(Beginning of Records supplied)
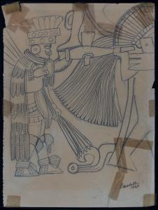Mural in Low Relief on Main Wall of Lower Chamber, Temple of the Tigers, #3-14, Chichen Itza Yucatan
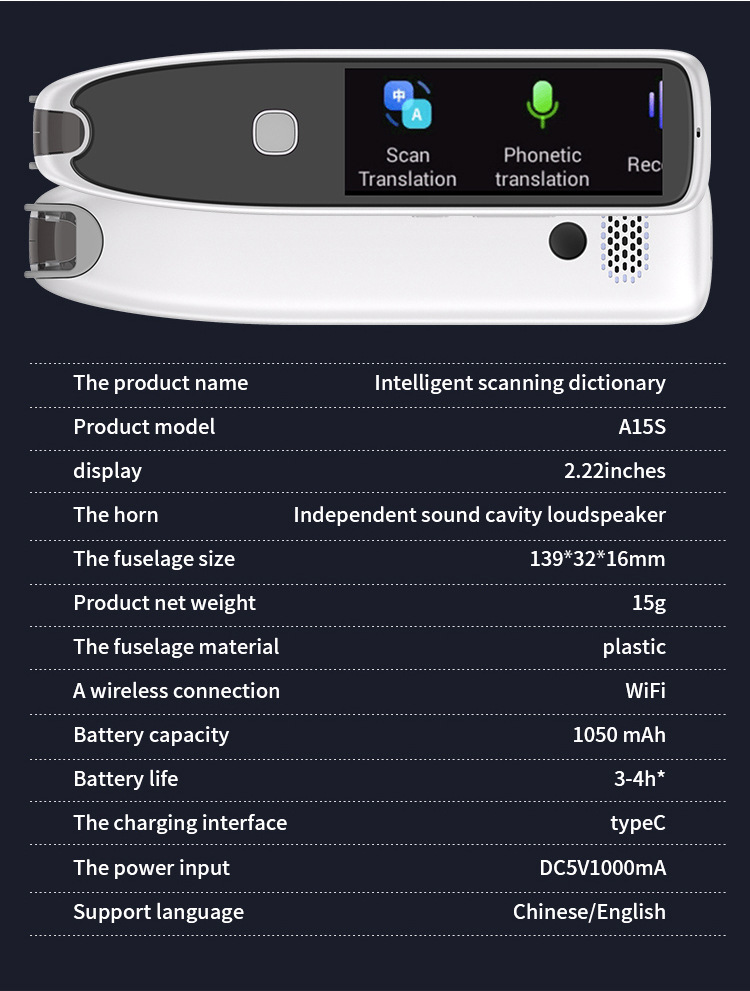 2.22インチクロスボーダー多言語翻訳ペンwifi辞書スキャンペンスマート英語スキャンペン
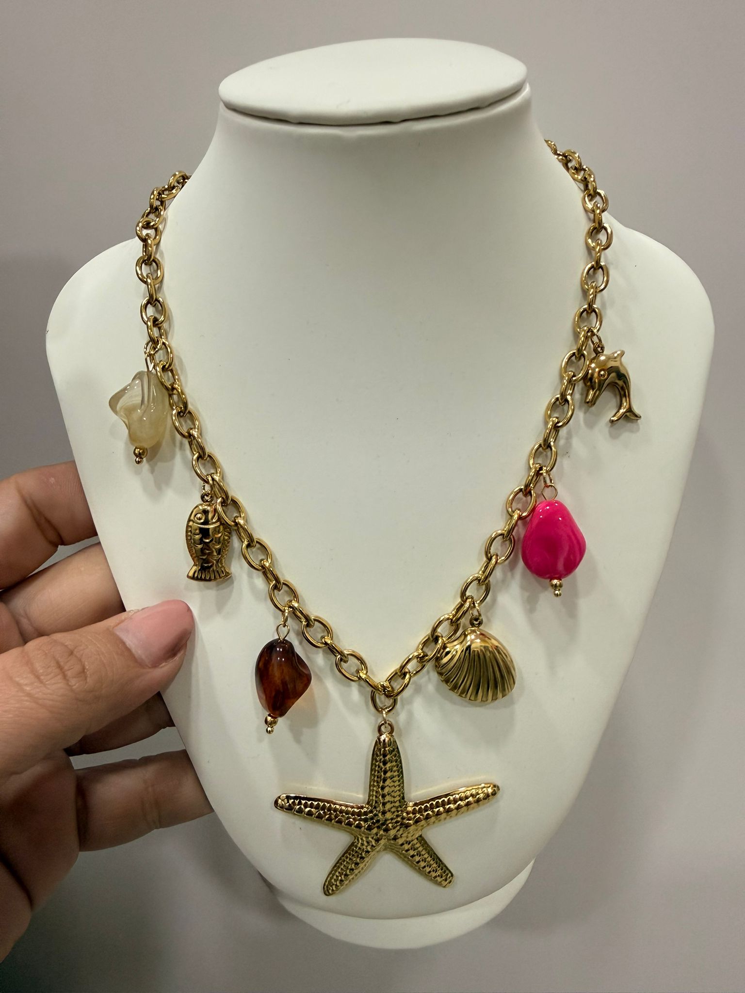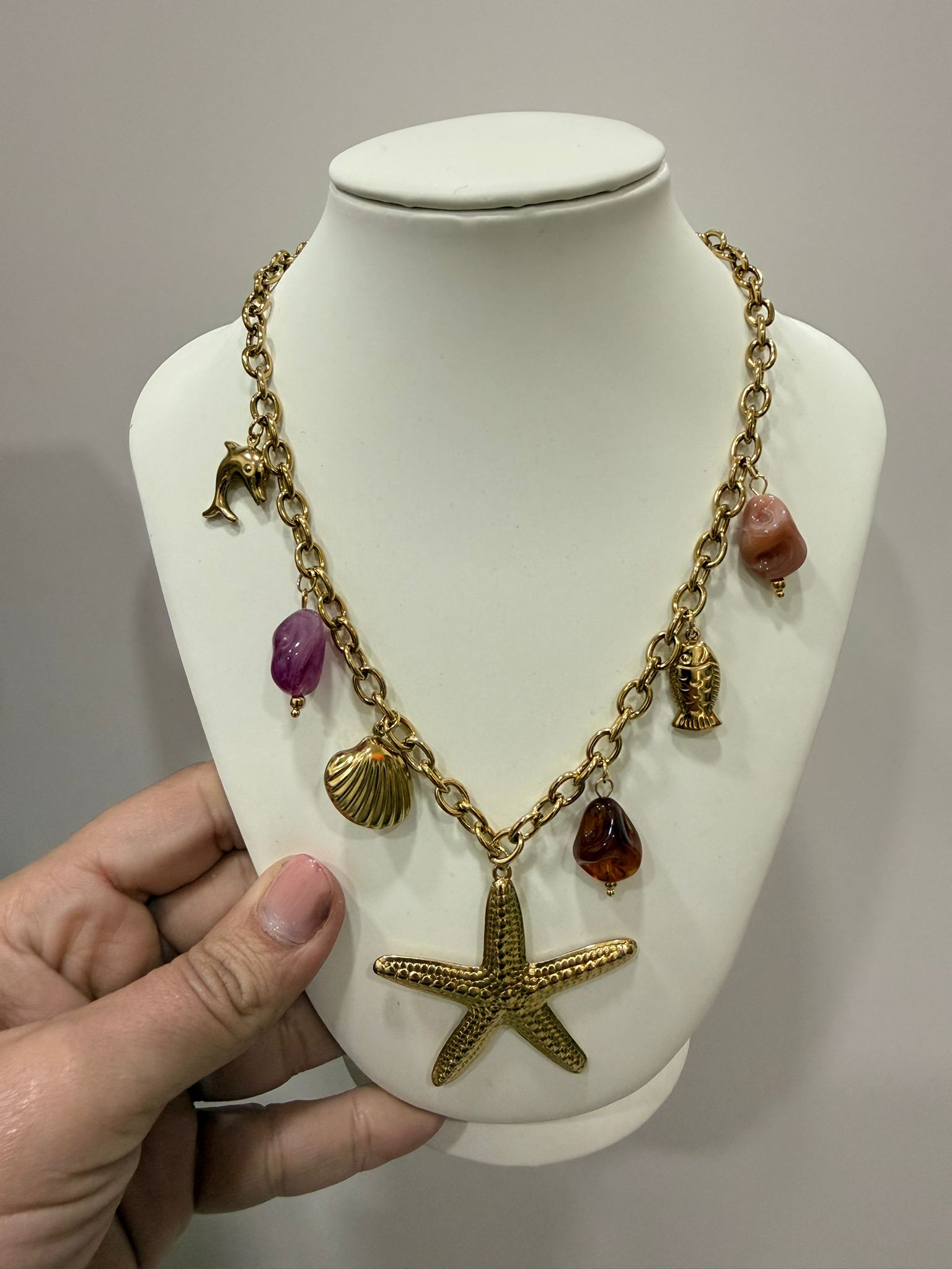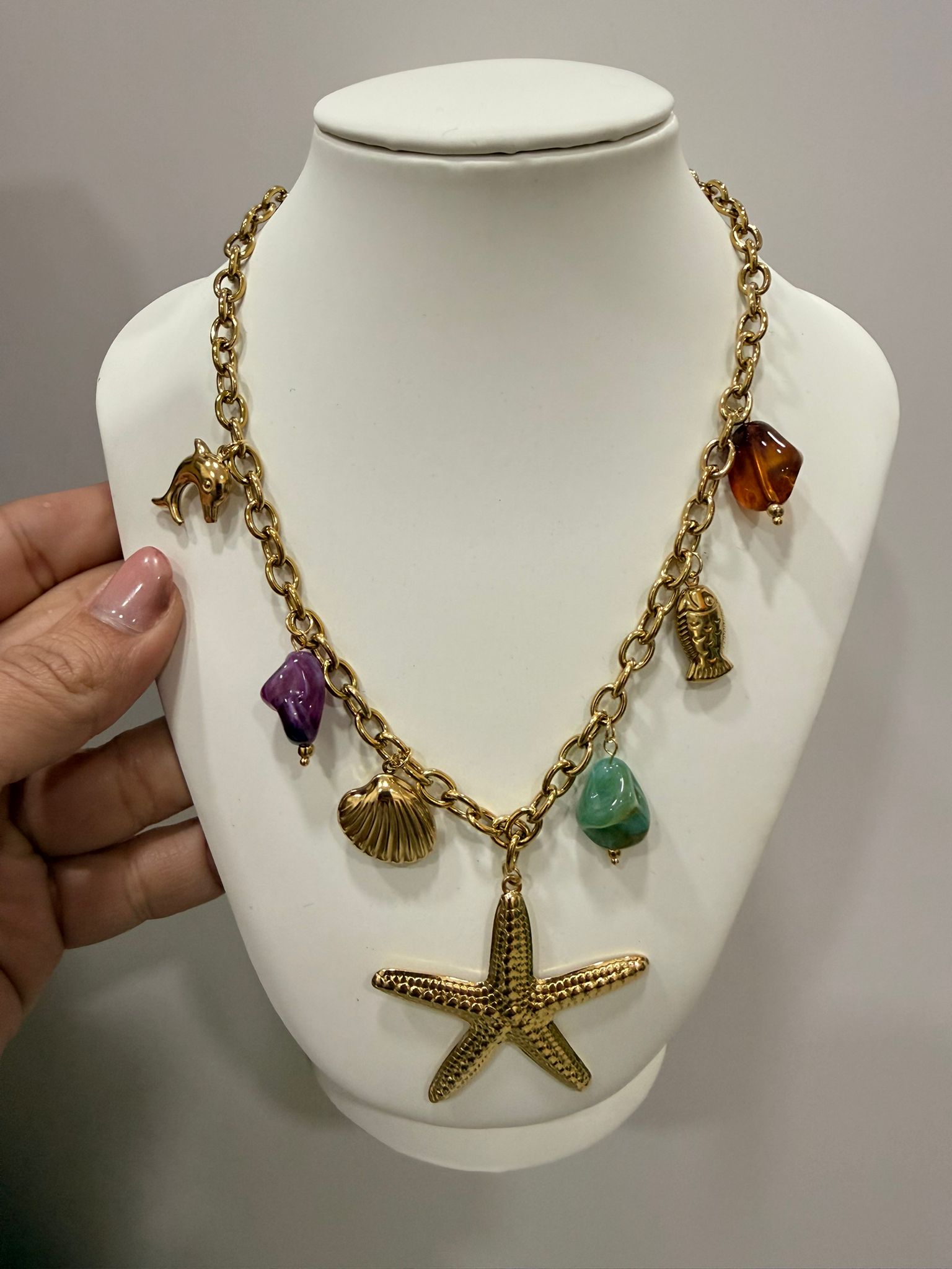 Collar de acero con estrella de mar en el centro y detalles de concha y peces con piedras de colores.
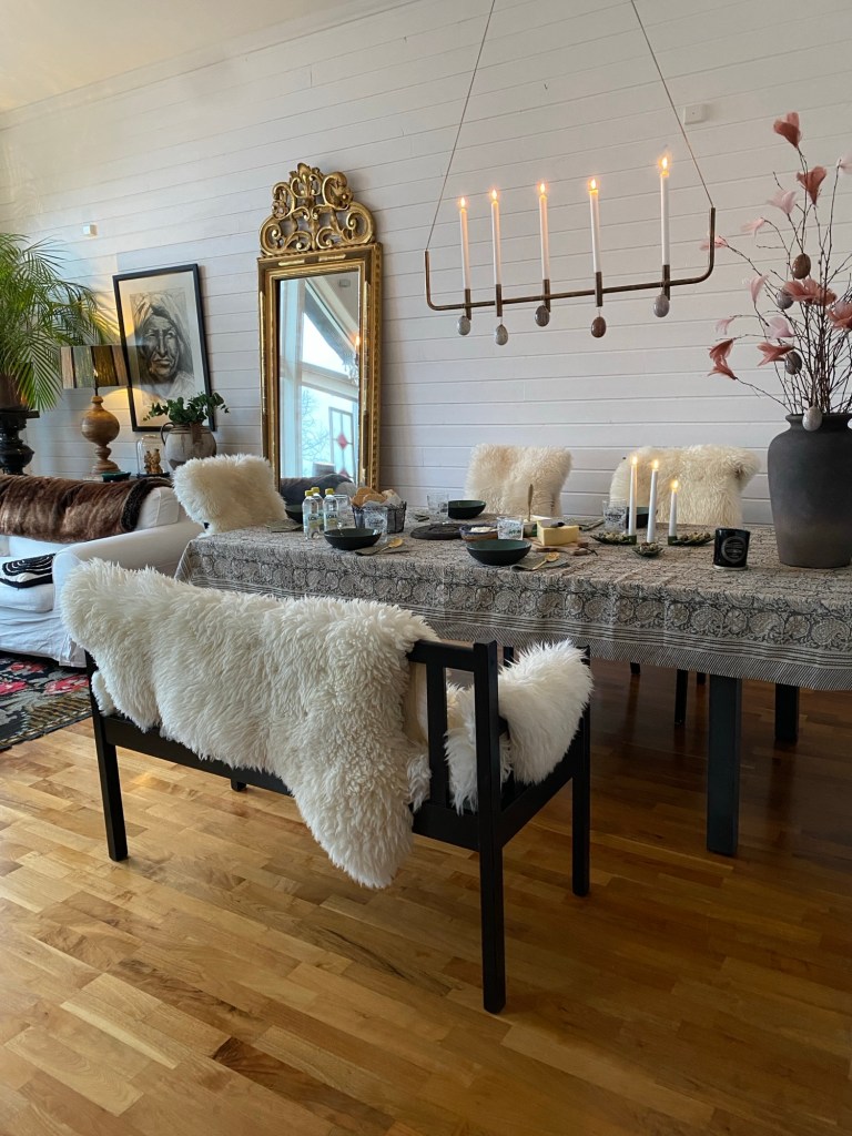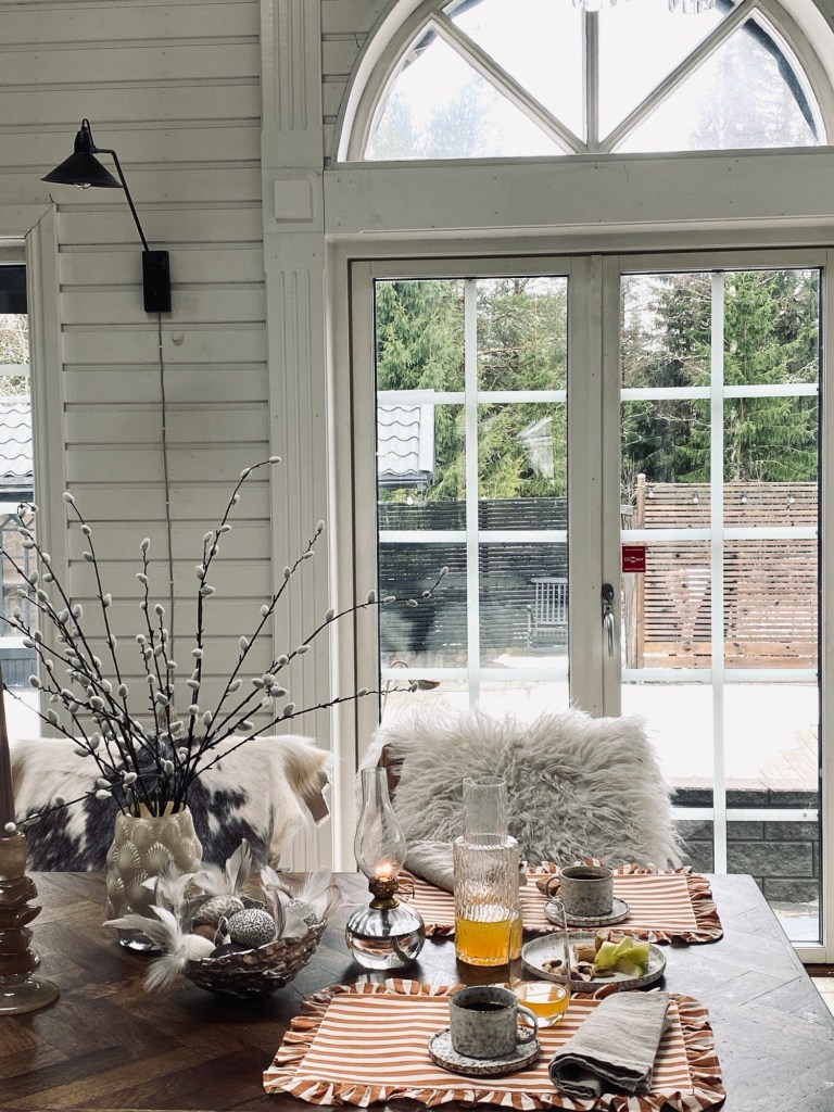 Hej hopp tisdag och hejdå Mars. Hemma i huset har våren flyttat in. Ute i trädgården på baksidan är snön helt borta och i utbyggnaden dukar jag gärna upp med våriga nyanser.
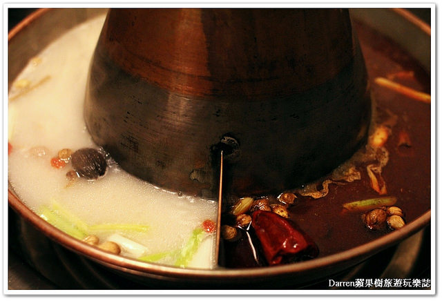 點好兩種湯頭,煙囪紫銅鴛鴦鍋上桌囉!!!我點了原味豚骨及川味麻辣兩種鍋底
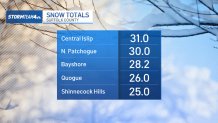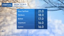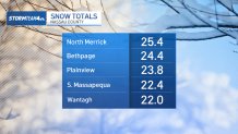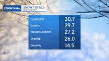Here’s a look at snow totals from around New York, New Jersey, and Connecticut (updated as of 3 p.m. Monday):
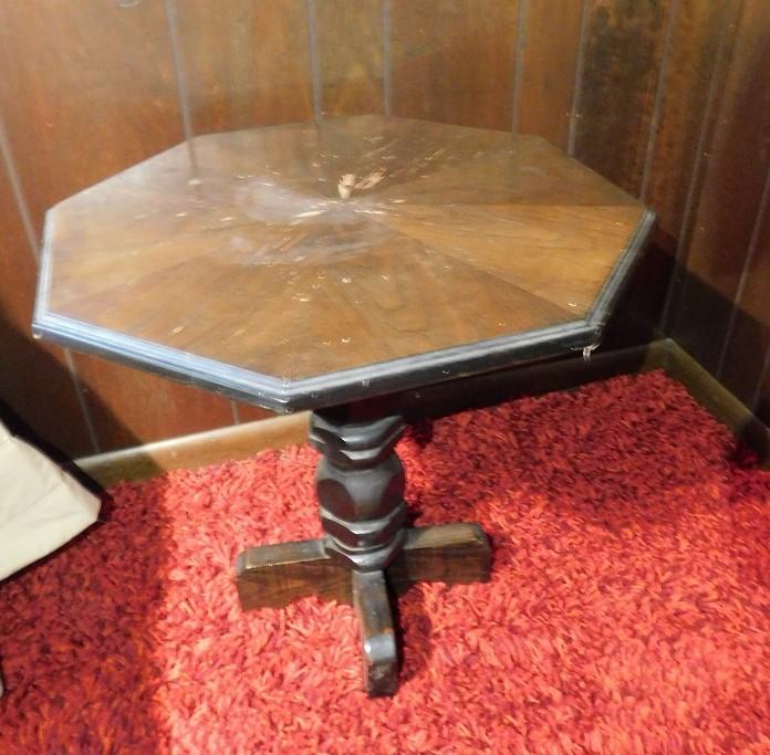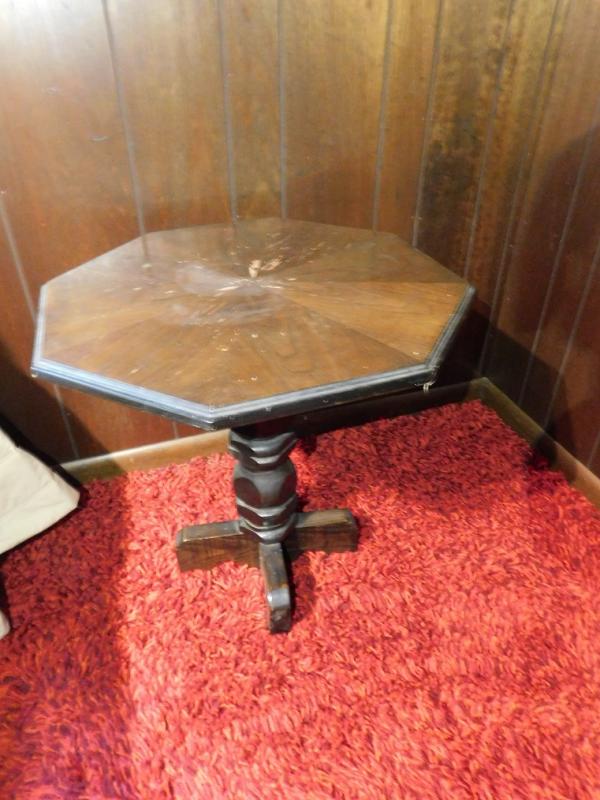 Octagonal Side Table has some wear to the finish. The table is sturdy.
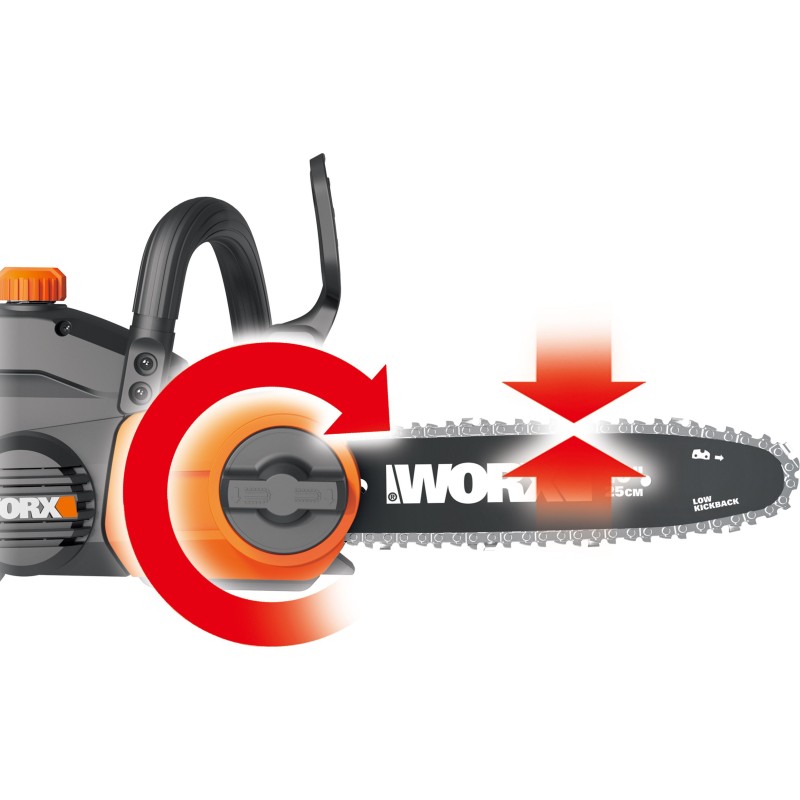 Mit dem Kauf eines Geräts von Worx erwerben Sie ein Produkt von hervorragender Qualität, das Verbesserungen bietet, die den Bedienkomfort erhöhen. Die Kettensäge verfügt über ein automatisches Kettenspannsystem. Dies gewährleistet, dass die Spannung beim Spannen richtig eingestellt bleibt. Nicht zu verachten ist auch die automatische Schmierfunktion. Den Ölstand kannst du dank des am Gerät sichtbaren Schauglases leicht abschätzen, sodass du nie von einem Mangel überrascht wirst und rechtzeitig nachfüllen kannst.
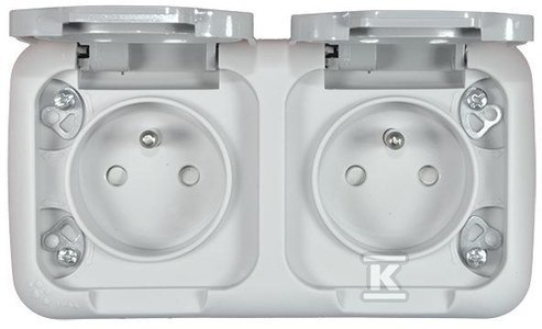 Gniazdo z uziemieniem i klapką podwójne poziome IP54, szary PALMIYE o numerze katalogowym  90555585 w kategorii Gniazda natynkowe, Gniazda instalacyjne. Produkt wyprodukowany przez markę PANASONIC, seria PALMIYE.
(End of Records supplied)
* What you should do
A verbatim copy of every record is required, with all pictures excluded.

* Answer to this problem
Mural in Low Relief on Main Wall of Lower Chamber, Temple of the Tigers, #3-14, Chichen Itza Yucatan
 2.22インチクロスボーダー多言語翻訳ペンwifi辞書スキャンペンスマート英語スキャンペン
 Collar de acero con estrella de mar en el centro y detalles de concha y peces con piedras de colores.
 Hej hopp tisdag och hejdå Mars. Hemma i huset har våren flyttat in. Ute i trädgården på baksidan är snön helt borta och i utbyggnaden dukar jag gärna upp med våriga nyanser.
 點好兩種湯頭,煙囪紫銅鴛鴦鍋上桌囉!!!我點了原味豚骨及川味麻辣兩種鍋底
Here’s a look at snow totals from around New York, New Jersey, and Connecticut (updated as of 3 p.m. Monday):
 Octagonal Side Table has some wear to the finish. The table is sturdy.
 Mit dem Kauf eines Geräts von Worx erwerben Sie ein Produkt von hervorragender Qualität, das Verbesserungen bietet, die den Bedienkomfort erhöhen. Die Kettensäge verfügt über ein automatisches Kettenspannsystem. Dies gewährleistet, dass die Spannung beim Spannen richtig eingestellt bleibt. Nicht zu verachten ist auch die automatische Schmierfunktion. Den Ölstand kannst du dank des am Gerät sichtbaren Schauglases leicht abschätzen, sodass du nie von einem Mangel überrascht wirst und rechtzeitig nachfüllen kannst.
 Gniazdo z uziemieniem i klapką podwójne poziome IP54, szary PALMIYE o numerze katalogowym  90555585 w kategorii Gniazda natynkowe, Gniazda instalacyjne. Produkt wyprodukowany przez markę PANASONIC, seria PALMIYE.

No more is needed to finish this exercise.